My father is a woodturner and over the past few years he has handed me some of his turned peices to enhance.  I have embellished them mostly with acrylic paints by painting flowers and designs.  A couple years ago he asked me to try pyrography on one of his pieces.  I had never done this before but I figured, why not,  try it, it's just another medium. Well, I loved it.

Last year he taught me how to turn and I also took a small class on it. I have only turned a dozen pieces or so.  I recently turned this bowl for the purpose of using the rim for my picture.  

I normally do not use stencils or trace or draw on the wood.  I freehand with the pyrography pen on most everything I do.  It leaves you no room for mistakes by doing it this way, but its but its the way I paint and draw.  Recently, some local woodturners wanted me to show them how to burn so to make it easier to show them I divided this bowl into four sections, drew my picture within one section, then transferred the picture onto the rest of the bowl.  I was then able to show them in steps how the process went.  Later I finished up the bowl and decided to enter it.

I have recently been using aniline dyes on the wood to enhance the pyrography.
I usually use the dyes fairly bright.  I use alcohol to help the dyes flow and use a watercolor technique dipping the alcohol with the dye to build the color from
light to dark. On this piece I decided to give just a hint of color so the pyrography
was more pronounced.   I don't know much about finishing yet and I don't have much on hand to complete this process.  So I polished it with carnauba wax.  

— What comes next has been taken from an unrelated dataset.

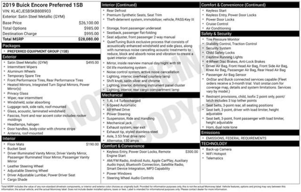 Clean CARFAX.*** WE DELIVER ***Satin Steel Gray Metallic 2019 Buick Encore Preferred 4D Sport Utility ECOTEC 1.4L I4 SMPI DOHC Turbocharged VVT 6-Speed Automatic Electronic with Overdrive AWD2-Way Manual Front Passenger Seat Adjuster, 3.53 Final Drive Axle Ratio, 4-Wheel Disc Brakes, 6 Speakers, 6-Speaker Audio System, 6-Way Power Driver Seat Adjuster, ABS brakes, Air Conditioning, Alloy wheels, AM/FM radio: SiriusXM, Apple CarPlay/Android Auto, Brake assist, Bumpers: body-color, Cloth w/Leatherette Seat Trim, Compass, Delay-off headlights, Driver door bin, Driver vanity mirror, Driver's Seat Mounted Armrest, Dual front impact airbags, Dual front side impact airbags, Electronic Stability Control, Emergency communication system: OnStar and Buick connected services capable, Exterior Parking Camera Rear, Front anti-roll bar, Front Bucket Seats, Front reading lights, Front wheel independent suspension, Fully automatic headlights, Heated door mirrors, Illuminated entry, Knee airbag, Low tire pressure warning, Occupant sensing airbag, Outside temperature display, Overhead airbag, Panic alarm, Passenger door bin, Passenger vanity mirror, Power door mirrors, Power driver seat, Power steering, Power windows, Preferred Equipment Group 1SB, Premium All-Weather Floor Liners (LPO), Radio data system, Radio: Buick Infotainment System AM/FM Stereo, Rear seat center armrest, Rear side impact airbag, Rear window defroster, Rear window wiper, Remote keyless entry, Remote Vehicle Starter System, Ride & Handling Suspension, Roof rack: rails only, Security system, SiriusXM Radio, Speed control, Speed-sensing steering, Split folding rear seat, Spoiler, Steering wheel mounted audio controls, Tachometer, Telescoping steering wheel, Tilt steering wheel, Traction control, Trip computer, Turn signal indicator mirrors, Variably intermittent wipers, Wheels: 18 Machined-Face Alloy.

I like to finish the bottom of each piece with something from the main piece, such as a leaf, flower or scene.  

Judges Comments
Andi : The pyrography is nicely done and works very well with this platter form. Completing the design with the detail on the foot is really great as is the gentle coloring effects that complement the wood.
Graeme : Nice turning and great pyrography, I like the subtle use of colour.
Molly : As a beginning turner, the platter is well executed. The bead where the rim and bowl meet provides a crisp and deliberate transition, strengthening the overall piece. The pyrography looks well done, while the subtle coloring provides additional depth.